こんにちは、電脳コラムニストの村上です。

緊急事態宣言も解除となり、外食の再開を楽しみにしている方も多いのではないでしょうか(人によってはお酒でしょうか)。

ここ2年弱続いてきた在宅勤務や夜の会食・飲み会の減少が、自宅での食事を見直すきっかけになったという方も多いようです。私自身も夜は会食ばかりの生活から、家で食事をとる機会がぐっと増えました。また、通勤がなくなったことにより朝の時間に余裕が生まれ、夜に美味しいものが食べられないのであれば朝か昼にと考えることも多くなりました。

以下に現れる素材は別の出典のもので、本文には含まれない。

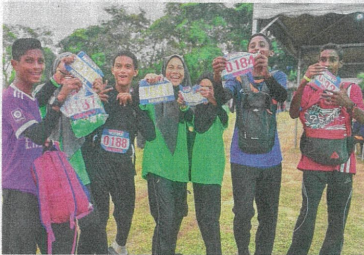
SEBAHAGIAN daripada pelajar yang menyertai acara larian yang bermula di pekarangan SK Bandar Baru Sungai Buloh, baru-baru ini.

在宅勤務の普及や夜の外食機会の減少を背景に、朝食をゆっくり楽しむ機運が高まっている。食文化は社会を映す鏡といわれる。戦後、働き者の日本人は朝の時間のゆとりを失い、朝食を食べない人も増えた。そんな傾向が新型コロナウイルス下で、図らずも見直されつつあるのだ。朝からキッチンに立って支度をしたり、朝食専門店を訪れたり――。忙しい一日がはじまる前、食卓を囲むひとときは、豊かさと贅沢(ぜいたく)に満ちている。

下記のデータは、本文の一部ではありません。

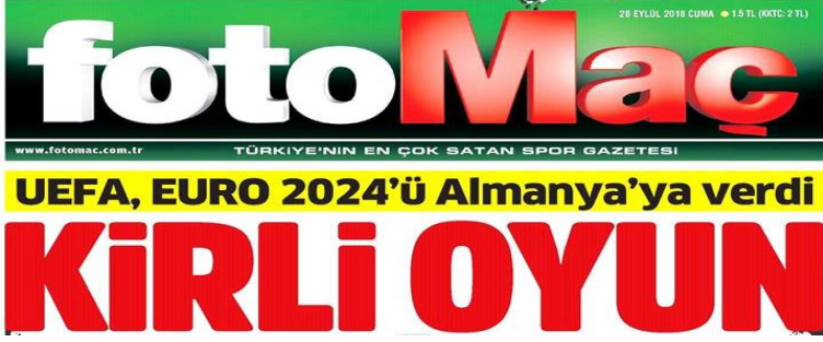
Şekil 15. FotoMaç Gazetesi

Stil; Düz (romen), tırnaksız (sans serif). Harf et kalınlığı extra bold. Yazı büyüklüğü 120 punto üzerinde. Renk; Ateş kırmızısı. Espas; Harf arası espası az, kelime arası espası normal. Okunabilirlik; Zemin kısmı boş kırmızı renkli yazının okunabilirlik düzeyi çok yüksek.
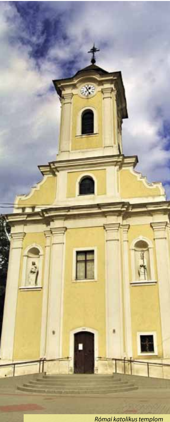
Római katolikus templom

コロナ前は海外出張も多かったのですが、ビジネス上の会食は朝にすることがよくありました。いわゆる「パワーブレックファスト」です。夕方はジムに行ったり、ディナーは家族と取ると決めている方も多く、一番日程調整がつきやすくカジュアルに色々な話ができるのが朝食でした。ちょっと良いホテルのラウンジを予約してそれぞれ好みのものを注文する、というスタイルですね。これの良いところは、その後は出社するという点です。良いアイデアが出たらそのまま社に持ち帰ってチームで検討、午後にはフォローアップのメールができます。ディナーの場合は次の日に持ち越すことになりますし、酔ってしまってあまり覚えていないということも(笑)。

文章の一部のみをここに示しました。